The usual pandemonium outside the Dolce & Gabbana show was cranked up to 11 this afternoon. Three days ago, Kim Kardashian touched down in Milan and posted a pic of herself disembarking a PJ with the hashtags #CiaoKim and #DolceGabbana. The designers have been linked to the Kardashians since this past May, when they wardrobed Kourtney Kardashian and Travis Barker’s wedding in Portofino. At a press conference this morning, Kim said that today’s collaboration came about when Dolce and Gabbana discovered that the clotheshorse brought her own collection of vintage D&G to the nuptials, including “some pieces that even they didn’t have in their own archives.”
The proposal went something like this: Kim would act as curator, selecting pieces from past collections, specifically the 20-year period between 1987 and 2007 (conveniently spanning the Y2K years that are trending at the moment), and the designers would rework those pieces for today, but subtly, so that the links between then and now are obvious enough for the social media audience, where so much of fashion communication plays out in 2022.
The benefits for Dolce & Gabbana are plenty. The Kardashian-Jenners in attendance today boast a combined 652 million followers. As for Kim, hooking up with Dolce & Gabbana doesn’t just burnish her high-fashion image, but thanks to the internet’s capacity to flatten time, it somehow also stretches her influence. She became a household name in 2007 when Keeping Up With the Kardashians began airing, but with this partnership she’s put her stamp on two extra decades. Damn, she’s good at the fame game.
Explaining her affinity for the brand at the press conference, Kim said, “Yes, I have this futuristic alien Barbie personality, which I like. But in my soul I feel very sensual Italian mob wife at the same time. I don’t know if that’s appropriate to say.” Of course, Dolce & Gabbana has worked the sensual Italian wife trope to its own ends, as editorials and ad campaigns of D&G favorites from back in the day—including Eva Herzigova and Helena Christensen, who sat in the front row—attest.

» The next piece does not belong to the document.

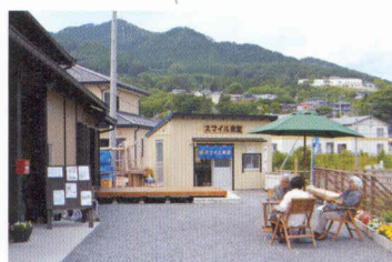
写真⑦ 完成した屋外のキッチン（写真正面）

On the runway, corsets, wiggle dresses, and lingerie sets were stitched with labels at the hip or wrist identifying the year they were first presented. At the same time, other pieces served Kim’s own interests. “It’s very Skims-y,” a seatmate said, nodding at a stretch-jersey number circa 1990 and a new one made in its image. For those of you living under a rock, Skims is Kim’s $3.2 billion shapewear brand. Presumably, all of this is future content for Hulu’s The Kardashians show, too; season two premiered a couple of nights ago.
All the top fashion brands are getting into the entertainment business. Dolce & Gabbana has always been an early adopter. With Kim’s help it just raised the stakes.